Sunday, May 30, 2021

Through the eyes of a child

COVID19 - School Closure - Day 157 School Reopens - Day 259

Took the opportunity of a 3 day weekend to head out to the city to see the folks. I knew it was gonna be an uphill battle. The day was going to be long... and there'll be some unhappy moments (sprinkled with unforgettable moments).  
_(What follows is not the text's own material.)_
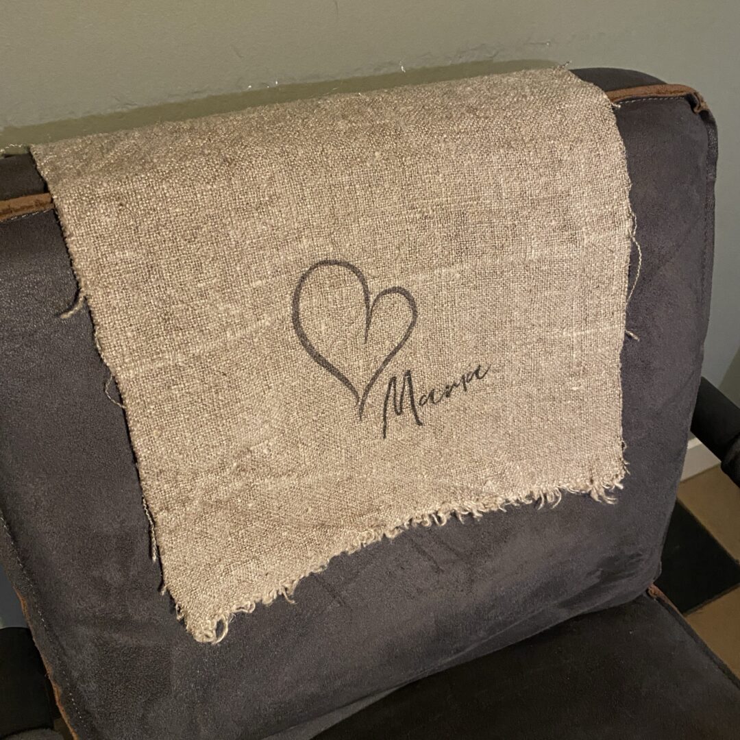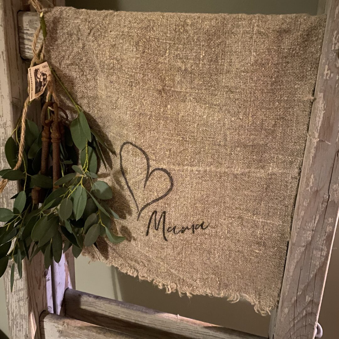 Dit stoere shabby decoratiedoek met mooie ‘I 🤍 mama’ print is leuk om te kado te geven , over een dienblad te leggen , olijfbak, kruik, ladder, trog of schaal. Ook leuk om om een toef groen heen te wikkelen.

We first went to see dad... picked up some San Tung chicken wings and headed to his place for lunch.  We then headed to his rec center and played a long awaited yet much anticipated game of ping pong with his grandson.  Very much forgettable... and possibly a top 10 moment of the 20's.  But the forgettable thing was... dad couldn't stop thanking "SW" for making his wish come true.  Even though he really did have a dream of playing with SW... not once, did dad make any mentions of playing with NN. ***grrrr***

Then we headed over to shoot some hoops together.  Dad has been bothered by an ailing back problem but he muscled through it and we got some 2 on 2 action in there.  Seeing dad really struggle there towards the end... I ended the game in a hurry.  NN continued to shoot... to which dad was thoroughly impressed by her shooting strength and accuracy.  And NN continued to shoot... in a way... to show dad that she's not "just another girl."  It was a statement moment for her.  

We then wrapped up the afternoon and evening spending time with mom.  Taking her Costco shopping... then trudged through traffic to take a short hike at Golden Gate Park.  I really didn't know what else to do with them.  By that time... everyone was exhausted and emotions started bubbling.  I tried to handle it in stride... to which... I too, finally collapsed and couldn't bite my tongue anymore and snapped at mom.

At night..  while putting NN to sleep.. she game me a synopsis of the day.

"No matter what happens... 爺爺 will always see past me and see SW and CT."  To which I can only reply.. "So true.  Just be glad that 嫲嫲 can't stop talking at you or about you."

Then she made some keen observations...

"It's obvious you and 爺爺  have a closer relationship.  I see you laughing and joking with him.  With 嫲嫲, she's doing the talking and you're listening.  And she gets on your nerves sometimes and you snap at her."  Crap... not a good example to be setting.  And frankly... nothing much I can do to hide it anymore.

She then goes on and on about how she sees our family relationship.  About how I deal with the in-laws... and then how I have a bias even to her and SW.  To which, I denied nothing and simply listened.  NN is coming of age... she knows what's going on.  She knows the right things to say... and how to look for that unicorn of a silver lining.  But when it's all said and done... our family is very much broken... like most other families out there, I guess.